Da die Ryanair tendentiell eher kurze Strecken fliegt hat das
aus Gewichtsgründen oft nicht vollgetankte Flugzeug natürlich
eine bessere Steigleistung als Maschinen mit hohem Gewicht,
betankt für mehrstündige Flüge. Außerdem geht der Trend der
letzten Jahrzehnte (bei Flugzeugen dauert es wegen der hohen
Entwicklungskosten sehr viel länger bis zum Modellwechsel als
beim Auto) deutlich zum stärker motorisierten Flugzeug. Die
modernen Boeing 737-800 der Ryanair können deswegen auch mit
anderen Steigraten erfreuen als das bei manchen anderen
Konkurrenten der Fall ist.

In der Regel sind moderne Flugzeuge nicht stärker motorisiert als früher. Von den absoluten Werten gesehen natürlich schon, aber diese in Relation zum Gewicht gesehen nicht mehr unbedingt. Es ist eher der umgekehrte Falle eingetreten, daß Flugzeuge aufgrund der besseren Optimierungs-Tools mit weniger Leistungsreservern konstruiert werden konnten. Ein Beispiel dafür z.B. ist der A340, der extrem ökonomisch auf Langstrecken ist, auf der anderen Seite aber verspottet wird, weil seine Steigleistung so mäßig ist.

Viele Grüße
Nabla

1 Like

Hallo Nabla,

Ein Beispiel

dafür z.B. ist der A340, der extrem ökonomisch auf
Langstrecken ist, auf der anderen Seite aber verspottet wird,
weil seine Steigleistung so mäßig ist.

…ich nehme an, dass Du Airline Pilot bist…? Ich habe 1996 eine A340 in München beobachtet und im Gegensatz zu allen anderen Airlinern sieht sie beim Abheben wirklich lahm aus. Allerdings habe ich in einigen Fachzeitschriften gelesen, dass das Teil der 340er Ökonomie ist. Mit Hilfe der Bordrechner und ALLER zur Verfügung stehenden Daten (Temp., FLughafenhöhe, Landebahninfo - incl. Temp.,Gewicht, etc.)wird die MINIMALE nötige Leistung für einen sicheren Abflug errechnet und damit geflogen. Je weniger die Turbinen gefordert werden je länger bleiben sie im Einsatz. Falls die A340 steil wegfliegen muss kann sie das durchaus und besser als alles andere auf dem Markt.

3top

Hi,

Falls die A340 steil wegfliegen muss

kann sie das durchaus und besser als alles andere auf dem
Markt.

Nein, kann er leider nicht. Beim A340 wird der konstruktive Unterschied zwischen einer Kurz- und eine Langstrackenmaschine sehr deutlich.

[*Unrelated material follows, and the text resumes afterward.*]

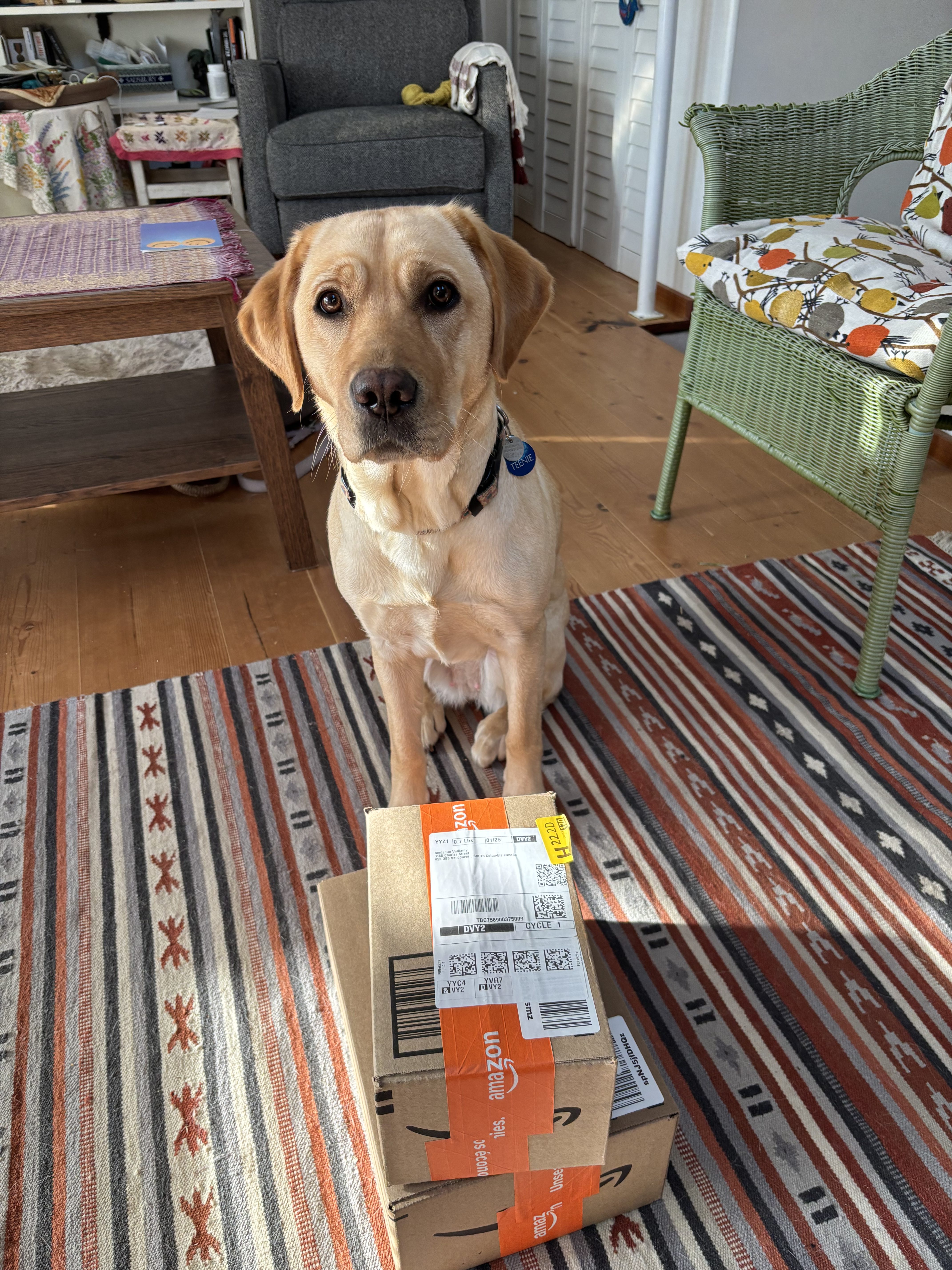 Teenie has been a wonderful pup for the last year. We got Teenie last March when she was 7 months old, and she’s progressed into a wonderful dog. She’s got a lot of personality and is very expressive and affectionate with humans. She plays well with other dogs and can navigate a sidewalk close to a non-reactive dog. She did well with her testing, so she will be going into Advanced training after she gets spayed this month. Teenie likes to get out and meet people, loves walks, snoring, food, and being at home. She’s a great pup, and we’ll miss her.

Der A340 ist aerodynamisch auf eine hohe Reisegeschwindigkeit bei niedrigem Verbrauch ausgelegt - auf Kosten der Steigleistung. Je besser die Steigleistung eines Flugzeuges sein soll, desto hoeher muss unter anderem der Auftriebsbeiwert des Flaechenprofils (ca-Wert) sein. Die Flaechen des A340 weissen einen eher geringen ca-Wert, aber damit auch einen geringeren Luftwiderstand auf.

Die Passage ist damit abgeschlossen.